■ **THE TASK**
The answer should hold only the lines from the one containing "VinaOrganic thông báo" through the one containing "여성용 봄가을 양말, 발목을" in the entries below, copied exactly, without pictures.
[Opening DATA PROVIDED section]
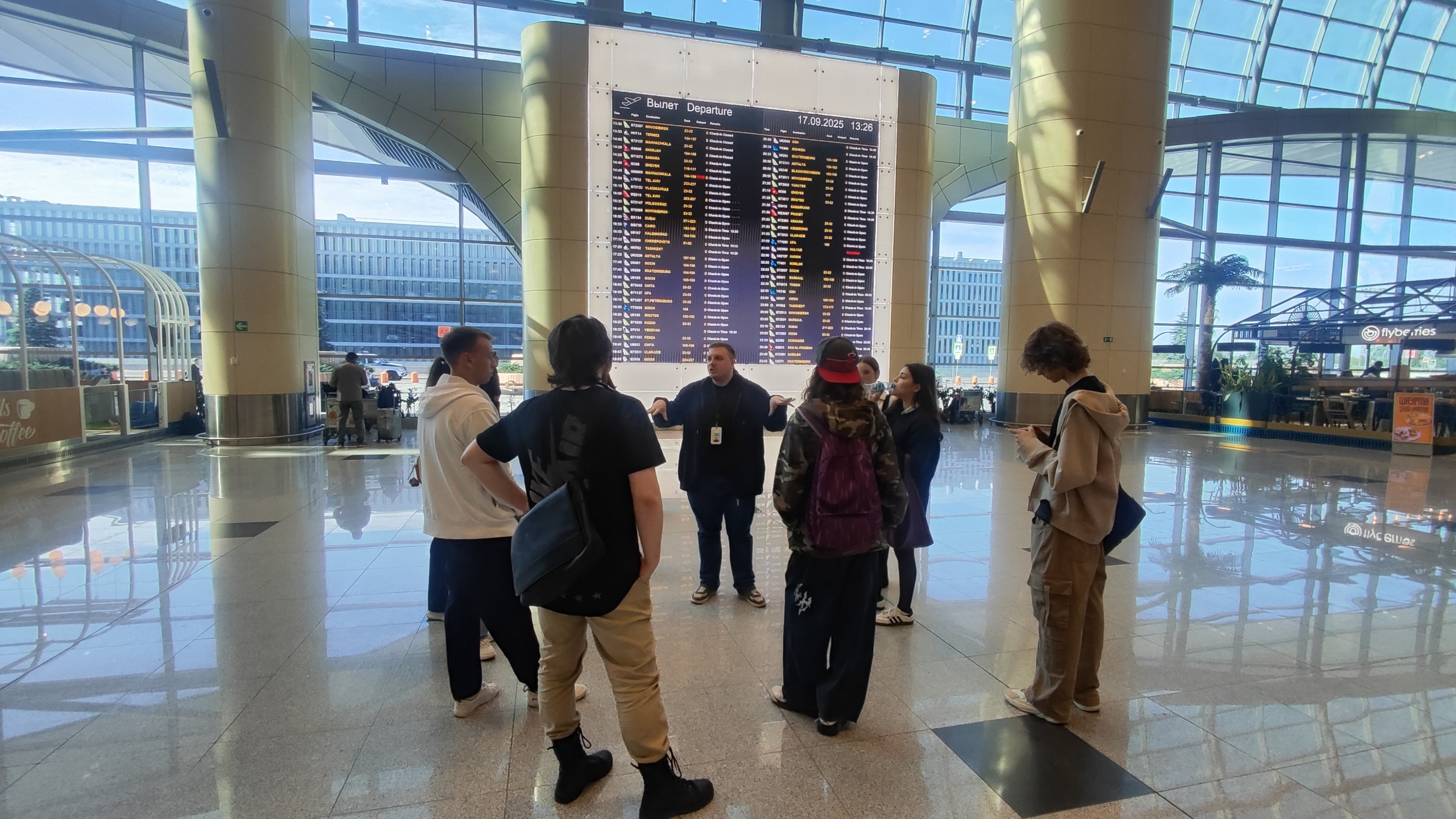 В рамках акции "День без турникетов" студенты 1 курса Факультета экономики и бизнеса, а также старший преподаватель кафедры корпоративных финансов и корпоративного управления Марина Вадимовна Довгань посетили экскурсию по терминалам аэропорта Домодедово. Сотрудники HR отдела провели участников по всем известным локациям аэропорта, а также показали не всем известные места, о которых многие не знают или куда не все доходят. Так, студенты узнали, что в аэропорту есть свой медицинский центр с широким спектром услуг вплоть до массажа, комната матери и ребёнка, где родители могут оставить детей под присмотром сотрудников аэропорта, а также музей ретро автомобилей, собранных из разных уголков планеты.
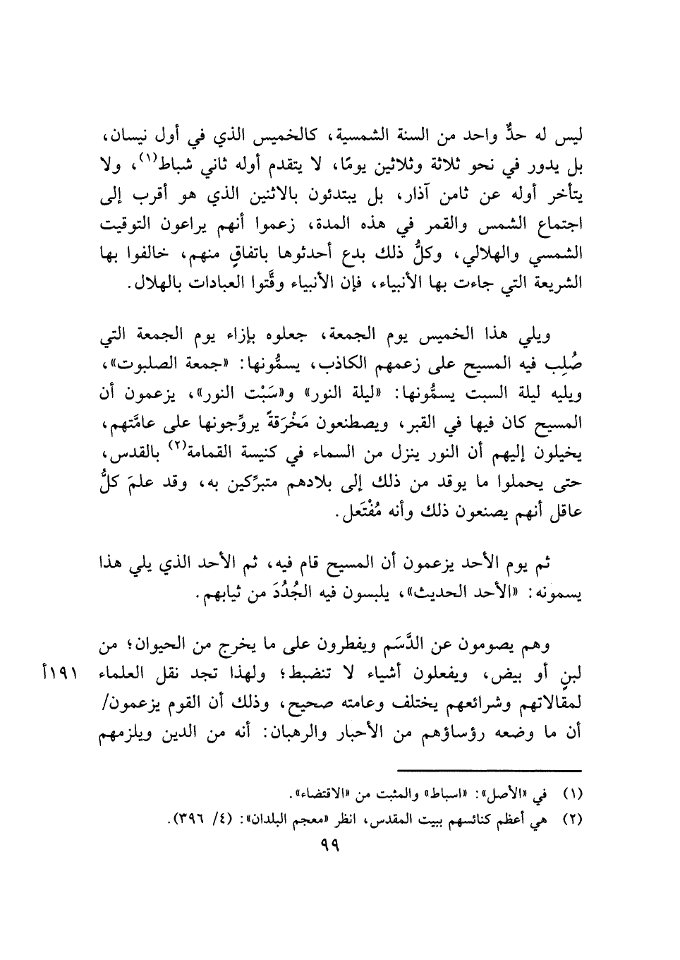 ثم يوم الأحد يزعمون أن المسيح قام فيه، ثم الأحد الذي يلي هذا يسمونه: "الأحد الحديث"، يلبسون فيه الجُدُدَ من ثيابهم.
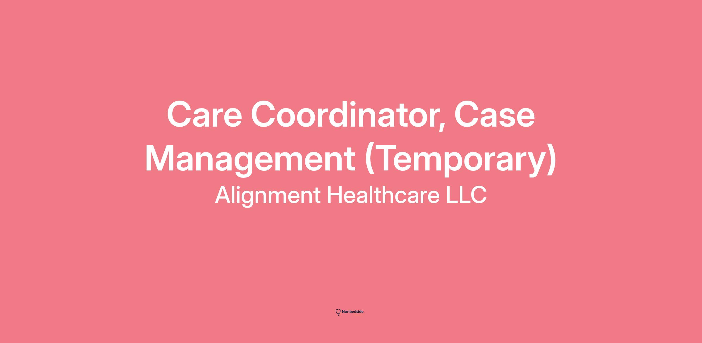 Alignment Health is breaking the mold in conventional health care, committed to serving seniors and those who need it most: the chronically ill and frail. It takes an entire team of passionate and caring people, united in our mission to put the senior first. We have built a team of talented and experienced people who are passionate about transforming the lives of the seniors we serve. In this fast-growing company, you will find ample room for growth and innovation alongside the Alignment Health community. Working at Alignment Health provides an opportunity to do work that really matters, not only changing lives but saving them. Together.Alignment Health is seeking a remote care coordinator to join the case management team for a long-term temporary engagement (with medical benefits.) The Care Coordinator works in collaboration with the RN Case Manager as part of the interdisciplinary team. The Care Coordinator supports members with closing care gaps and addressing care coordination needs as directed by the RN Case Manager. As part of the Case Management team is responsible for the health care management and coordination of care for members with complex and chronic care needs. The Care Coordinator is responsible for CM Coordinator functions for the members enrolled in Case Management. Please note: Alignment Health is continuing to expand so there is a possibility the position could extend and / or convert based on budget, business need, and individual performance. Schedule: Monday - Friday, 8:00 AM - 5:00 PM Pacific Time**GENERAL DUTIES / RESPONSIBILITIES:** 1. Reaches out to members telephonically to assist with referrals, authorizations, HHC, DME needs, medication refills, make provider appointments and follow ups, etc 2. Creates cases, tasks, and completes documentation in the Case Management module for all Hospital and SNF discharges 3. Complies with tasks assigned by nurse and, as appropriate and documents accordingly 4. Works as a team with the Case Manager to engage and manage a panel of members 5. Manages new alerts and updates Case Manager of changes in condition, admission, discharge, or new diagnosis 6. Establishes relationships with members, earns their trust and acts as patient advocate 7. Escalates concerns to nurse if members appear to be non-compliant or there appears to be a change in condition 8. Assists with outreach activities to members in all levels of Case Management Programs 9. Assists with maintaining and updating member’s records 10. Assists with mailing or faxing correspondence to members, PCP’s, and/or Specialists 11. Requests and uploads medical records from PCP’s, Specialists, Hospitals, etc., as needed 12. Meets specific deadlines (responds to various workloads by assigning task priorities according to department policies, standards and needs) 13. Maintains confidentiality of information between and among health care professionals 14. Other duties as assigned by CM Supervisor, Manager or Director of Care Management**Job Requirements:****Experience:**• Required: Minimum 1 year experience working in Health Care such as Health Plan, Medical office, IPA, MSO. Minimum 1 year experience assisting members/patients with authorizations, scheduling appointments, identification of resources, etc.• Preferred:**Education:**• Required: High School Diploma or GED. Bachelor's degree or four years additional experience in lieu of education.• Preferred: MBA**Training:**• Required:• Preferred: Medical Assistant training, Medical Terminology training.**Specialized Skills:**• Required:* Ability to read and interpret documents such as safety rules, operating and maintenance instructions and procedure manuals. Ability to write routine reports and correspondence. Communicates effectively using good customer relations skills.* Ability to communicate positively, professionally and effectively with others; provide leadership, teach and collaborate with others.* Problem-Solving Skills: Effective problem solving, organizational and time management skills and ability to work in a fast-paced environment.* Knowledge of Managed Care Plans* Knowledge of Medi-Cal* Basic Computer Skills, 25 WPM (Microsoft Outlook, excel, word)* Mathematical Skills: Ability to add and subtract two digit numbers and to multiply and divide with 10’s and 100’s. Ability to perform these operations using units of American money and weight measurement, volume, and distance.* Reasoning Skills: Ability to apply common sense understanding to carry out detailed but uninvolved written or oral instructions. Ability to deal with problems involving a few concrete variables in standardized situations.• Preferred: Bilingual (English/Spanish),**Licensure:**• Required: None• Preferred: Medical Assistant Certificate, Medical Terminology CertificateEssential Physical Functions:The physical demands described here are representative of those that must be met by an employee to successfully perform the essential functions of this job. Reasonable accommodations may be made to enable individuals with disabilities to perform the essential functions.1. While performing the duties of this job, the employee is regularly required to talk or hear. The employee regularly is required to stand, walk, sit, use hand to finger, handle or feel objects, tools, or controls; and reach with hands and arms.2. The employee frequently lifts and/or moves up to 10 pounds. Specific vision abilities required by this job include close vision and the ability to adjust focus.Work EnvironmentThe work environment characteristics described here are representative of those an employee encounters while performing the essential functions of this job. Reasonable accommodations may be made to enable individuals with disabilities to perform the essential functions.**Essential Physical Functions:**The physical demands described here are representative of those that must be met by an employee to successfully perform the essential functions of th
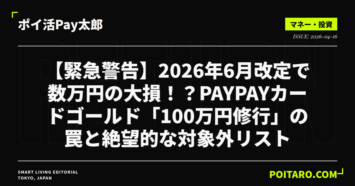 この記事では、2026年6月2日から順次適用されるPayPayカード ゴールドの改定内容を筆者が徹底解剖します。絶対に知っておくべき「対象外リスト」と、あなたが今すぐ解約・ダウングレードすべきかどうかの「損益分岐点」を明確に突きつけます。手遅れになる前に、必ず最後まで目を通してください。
[Closing DATA PROVIDED section]
[Opening DATA PROVIDED section]
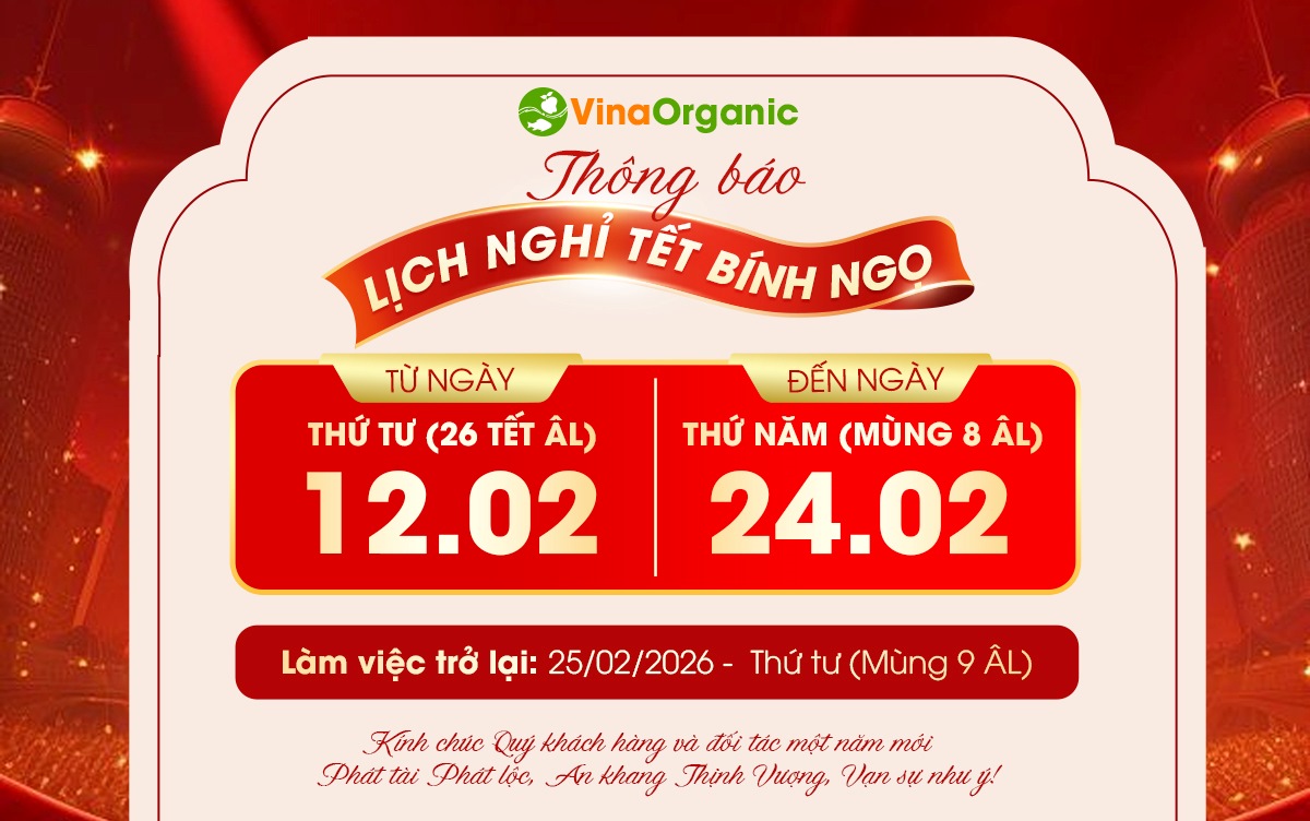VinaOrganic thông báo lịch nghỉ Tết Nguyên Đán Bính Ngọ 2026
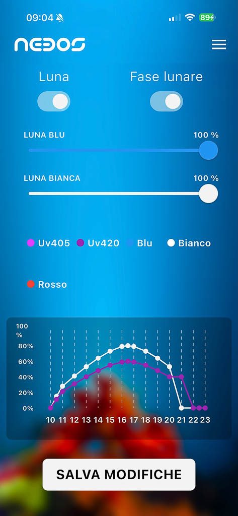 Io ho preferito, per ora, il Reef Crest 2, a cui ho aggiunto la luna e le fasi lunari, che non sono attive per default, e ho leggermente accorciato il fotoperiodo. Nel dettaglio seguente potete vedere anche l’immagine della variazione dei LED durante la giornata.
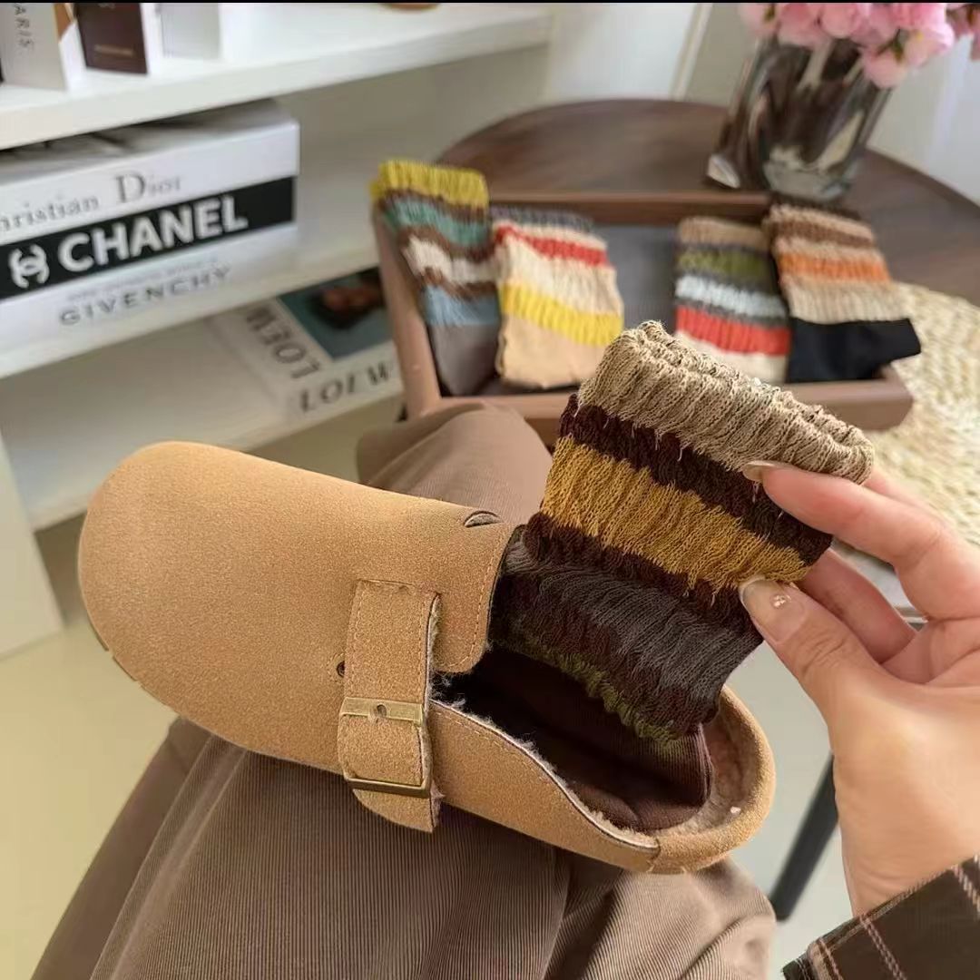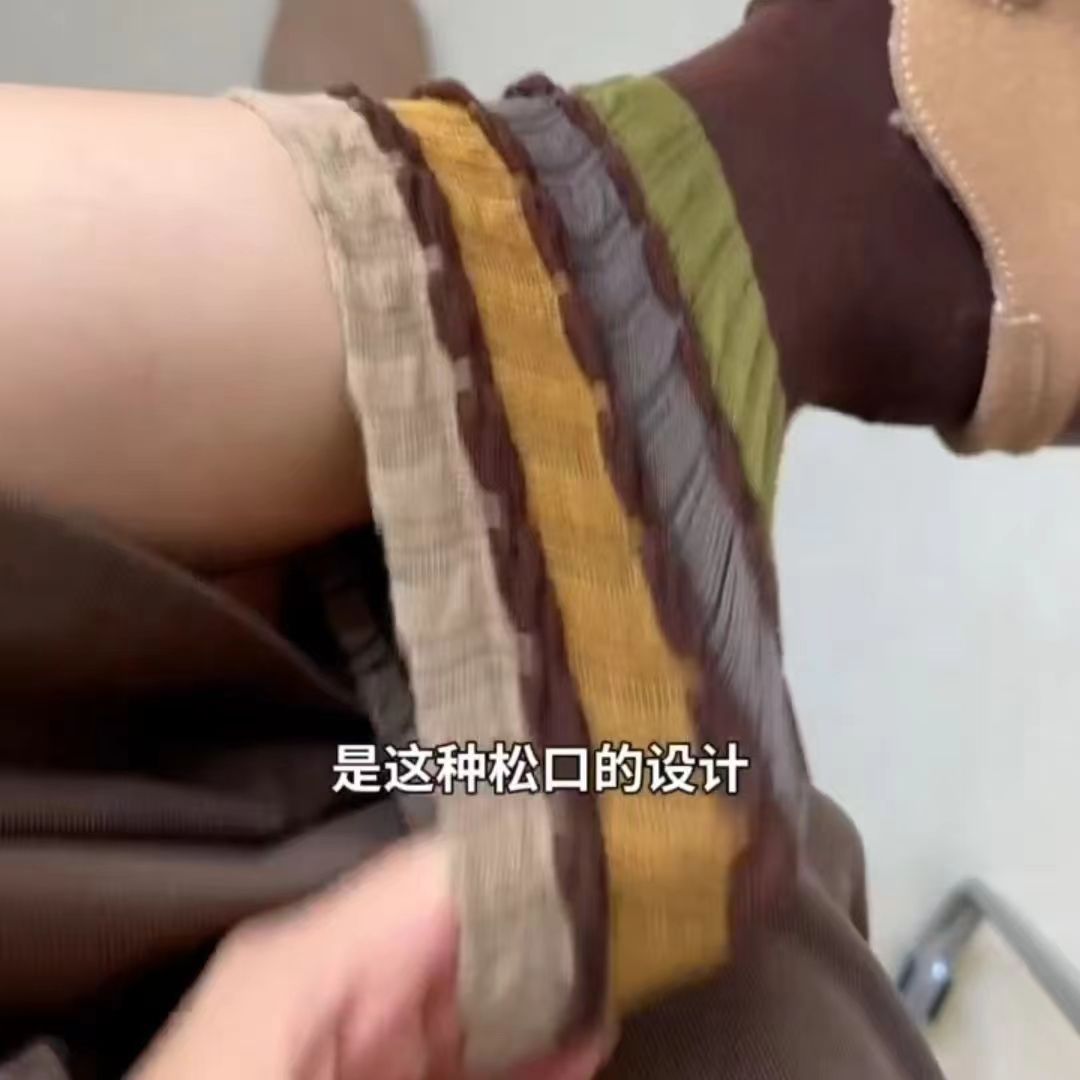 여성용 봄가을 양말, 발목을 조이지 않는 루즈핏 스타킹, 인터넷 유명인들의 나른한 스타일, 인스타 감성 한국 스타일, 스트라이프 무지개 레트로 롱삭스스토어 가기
[Closing DATA PROVIDED section]
■ **ANSWER TO THIS TASK**
VinaOrganic thông báo lịch nghỉ Tết Nguyên Đán Bính Ngọ 2026
 Io ho preferito, per ora, il Reef Crest 2, a cui ho aggiunto la luna e le fasi lunari, che non sono attive per default, e ho leggermente accorciato il fotoperiodo. Nel dettaglio seguente potete vedere anche l’immagine della variazione dei LED durante la giornata.
 여성용 봄가을 양말, 발목을 조이지 않는 루즈핏 스타킹, 인터넷 유명인들의 나른한 스타일, 인스타 감성 한국 스타일, 스트라이프 무지개 레트로 롱삭스스토어 가기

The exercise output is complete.